• **PROVIDED INFORMATION**:

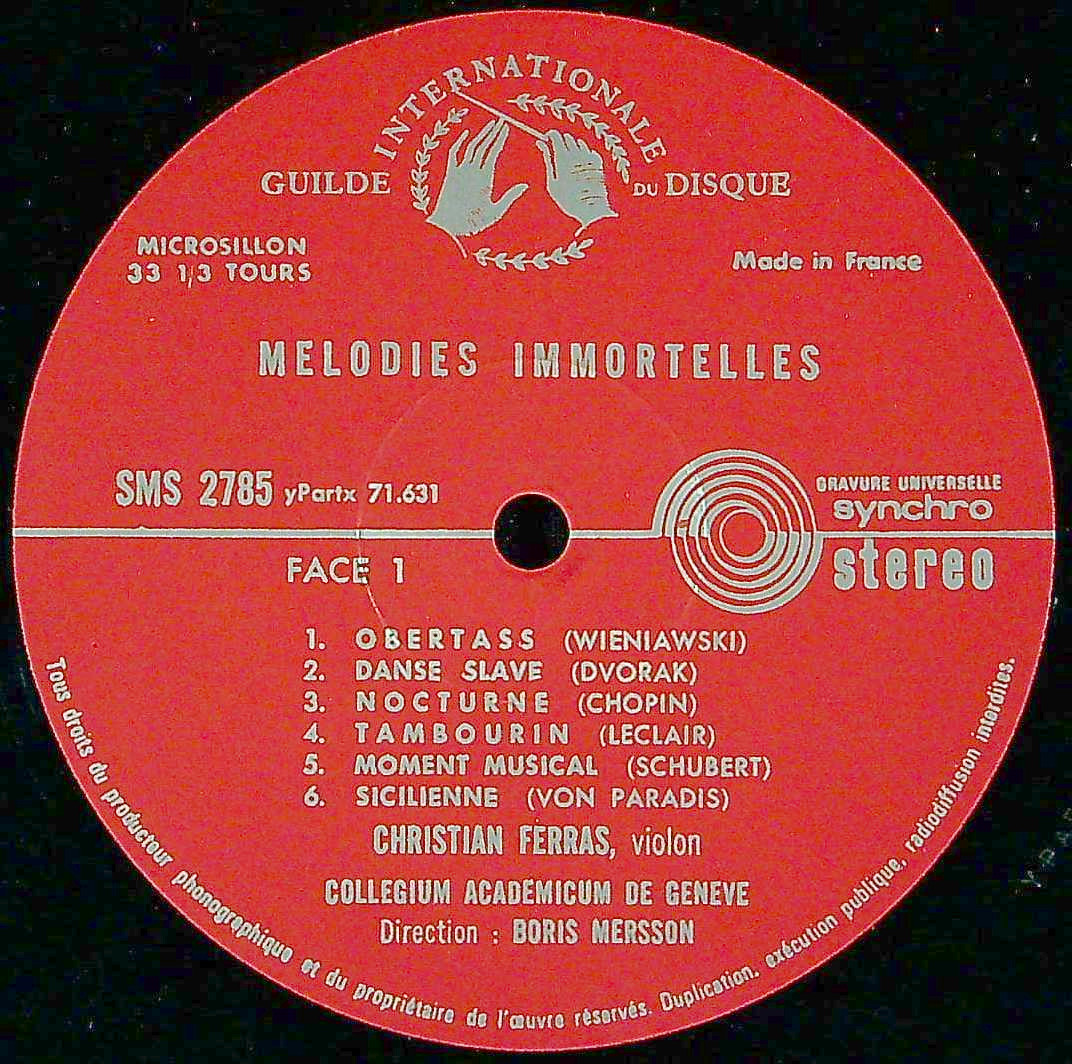 商品コード:1381-054[GUILDE du DISQUE] C.フェラス(vn)/ Vn小品集/ヴィエニャフスキ, ドヴォルザーク, ショパン 他
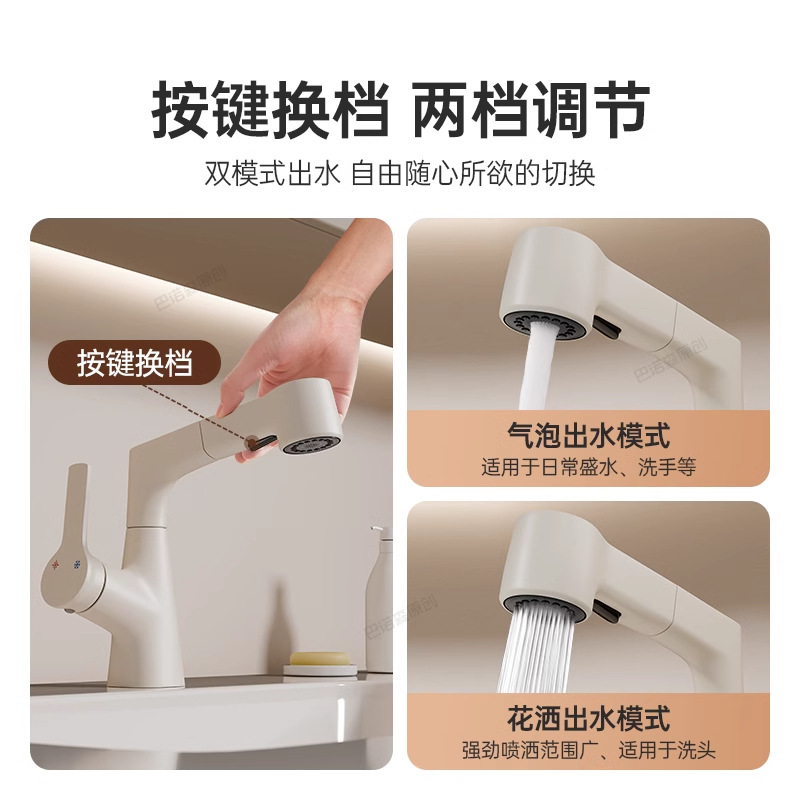 (奶油风)精铜加厚◆升降抽拉款+万向旋转(2档)
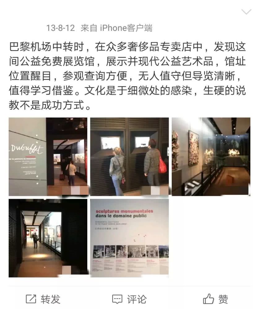 虽然机场在大多数人的印象中只是公共交通的一站,但最近却有不少机场办起了文博展览,为人们在繁忙行程之余提供别样体验。纵观巴黎、旧金山、上海、广州等地的机场,每年服务的旅客人次在五千万至七千万区间,试想哪怕每四百个人里只有1个人被展览所吸引(0.25%的比率),效果也不容小觑,更何况受众来自于多元的文化背景,对于文化传播来说更为锦上添花。
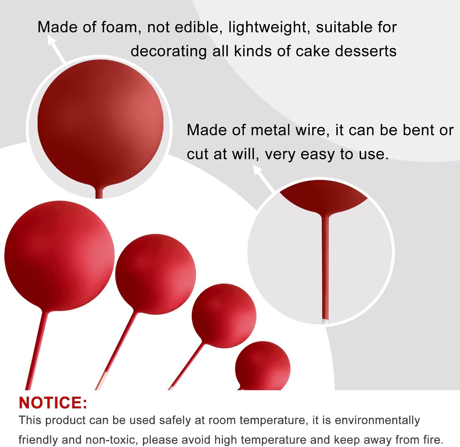 ASTARON 32 Pcs Ball Cake Topper Decorations Mini Balloons Cake Topper Sticks Foam Balls Cake Picks for Graduation Wedding Party Birthday Cake Decorating (Red Black)
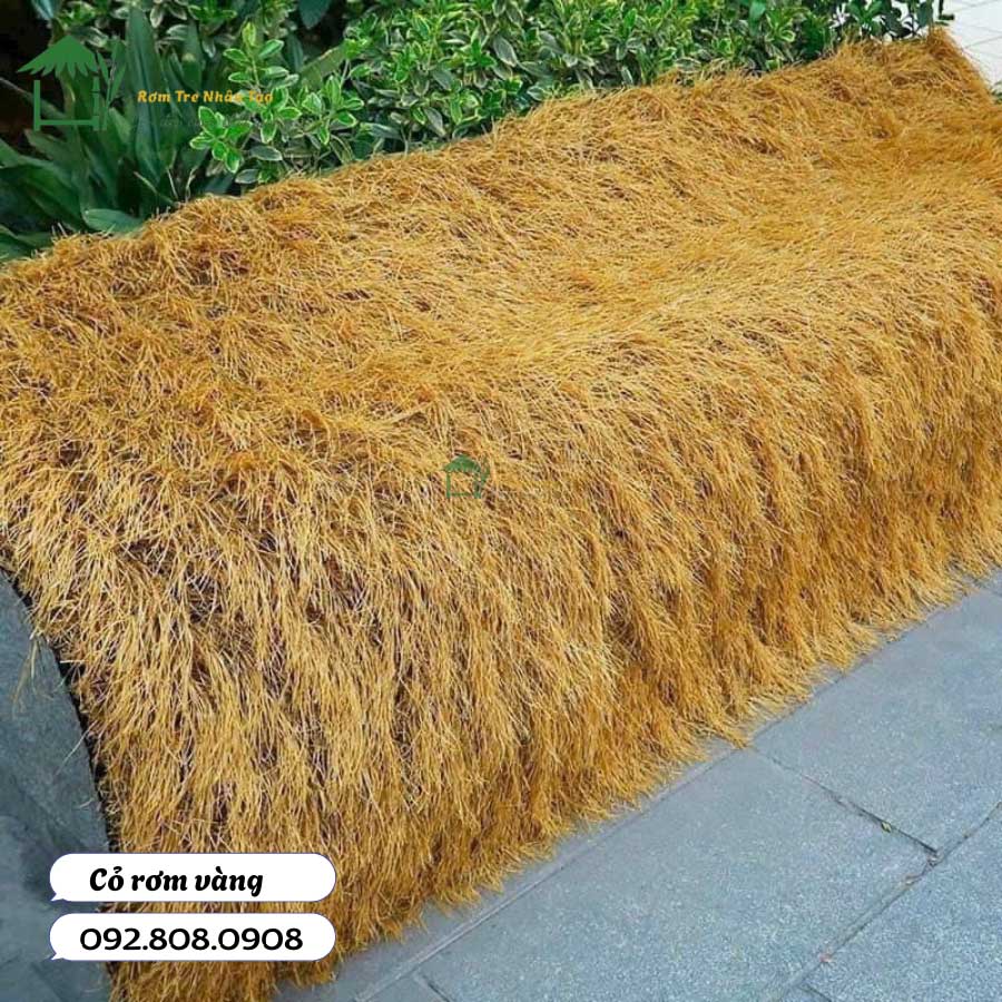 Điểm đặc biệt, cỏ rơm vàng hiện nay chủ yếu được sản xuất từ nhựa tổng hợp cao cấp (hay còn gọi là cỏ rơm nhựa), giúp tăng độ bền, khả năng chống nắng mưa và giữ màu sắc tươi mới nhiều năm liền.
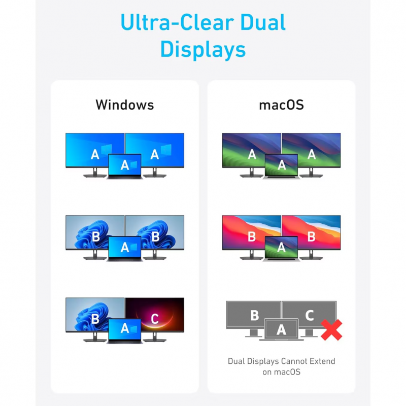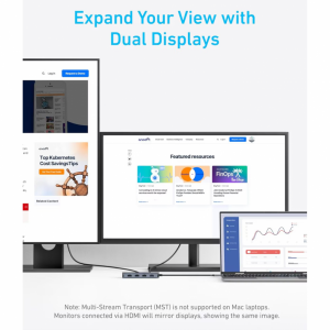 Az USB-C Hub Anker - Szürke egy 7 az 1-ben USB-C elosztó, amely ideális azoknak, akik gyorsaságra, kiterjesztett csatlakoztathatóságra és maximális produktivitásra van szükségük az irodában, otthon vagy útközben. Kifejezetten multitaskingra tervezve ez a hub egyetlen USB-C portot teljes munkaállomássá alakít át, kettős video kimenetekkel, gyors töltéssel, ultragyors adatátvitellel és széles körű kompatibilitással a modern eszközökkel. Az 2 HDMI port segítségével egyszerre két külső monitort csatlakoztathatsz 1080p/60Hz felbontással, így kibővítheted a munkaterületedet sima szerkesztés, elemzés, streamelés vagy multitasking céljából. A professzionális szintű adatátvitelt az USB 3.2 port 10 Gbps sebességgel biztosítja, amely ideális nagy fájlok, külső SSD-k vagy gyors biztonsági mentések számára. Az USB-C Power Delivery port akár 100W teljesítményt is biztosít, így a laptopod folyamatosan töltve maradhat a hub használata közben (85W áll rendelkezésre, miután az eszköz által használt energia levonásra kerül). A prémium alumínium fém kivitel eleganciát és tartósságot kölcsönöz a hubnak, az integrált védelemi funkciók (rövidzárlat, túlfeszültség, hőmérséklet-szabályozás) pedig garantálják a biztonságos használatot.

• **AIM OF THE EXERCISE**: Output each record above word for word, leaving out images.

• **RESULT**:
 商品コード:1381-054[GUILDE du DISQUE] C.フェラス(vn)/ Vn小品集/ヴィエニャフスキ, ドヴォルザーク, ショパン 他
 (奶油风)精铜加厚◆升降抽拉款+万向旋转(2档)
 虽然机场在大多数人的印象中只是公共交通的一站,但最近却有不少机场办起了文博展览,为人们在繁忙行程之余提供别样体验。纵观巴黎、旧金山、上海、广州等地的机场,每年服务的旅客人次在五千万至七千万区间,试想哪怕每四百个人里只有1个人被展览所吸引(0.25%的比率),效果也不容小觑,更何况受众来自于多元的文化背景,对于文化传播来说更为锦上添花。
 ASTARON 32 Pcs Ball Cake Topper Decorations Mini Balloons Cake Topper Sticks Foam Balls Cake Picks for Graduation Wedding Party Birthday Cake Decorating (Red Black)
 Điểm đặc biệt, cỏ rơm vàng hiện nay chủ yếu được sản xuất từ nhựa tổng hợp cao cấp (hay còn gọi là cỏ rơm nhựa), giúp tăng độ bền, khả năng chống nắng mưa và giữ màu sắc tươi mới nhiều năm liền.
 Az USB-C Hub Anker - Szürke egy 7 az 1-ben USB-C elosztó, amely ideális azoknak, akik gyorsaságra, kiterjesztett csatlakoztathatóságra és maximális produktivitásra van szükségük az irodában, otthon vagy útközben. Kifejezetten multitaskingra tervezve ez a hub egyetlen USB-C portot teljes munkaállomássá alakít át, kettős video kimenetekkel, gyors töltéssel, ultragyors adatátvitellel és széles körű kompatibilitással a modern eszközökkel. Az 2 HDMI port segítségével egyszerre két külső monitort csatlakoztathatsz 1080p/60Hz felbontással, így kibővítheted a munkaterületedet sima szerkesztés, elemzés, streamelés vagy multitasking céljából. A professzionális szintű adatátvitelt az USB 3.2 port 10 Gbps sebességgel biztosítja, amely ideális nagy fájlok, külső SSD-k vagy gyors biztonsági mentések számára. Az USB-C Power Delivery port akár 100W teljesítményt is biztosít, így a laptopod folyamatosan töltve maradhat a hub használata közben (85W áll rendelkezésre, miután az eszköz által használt energia levonásra kerül). A prémium alumínium fém kivitel eleganciát és tartósságot kölcsönöz a hubnak, az integrált védelemi funkciók (rövidzárlat, túlfeszültség, hőmérséklet-szabályozás) pedig garantálják a biztonságos használatot.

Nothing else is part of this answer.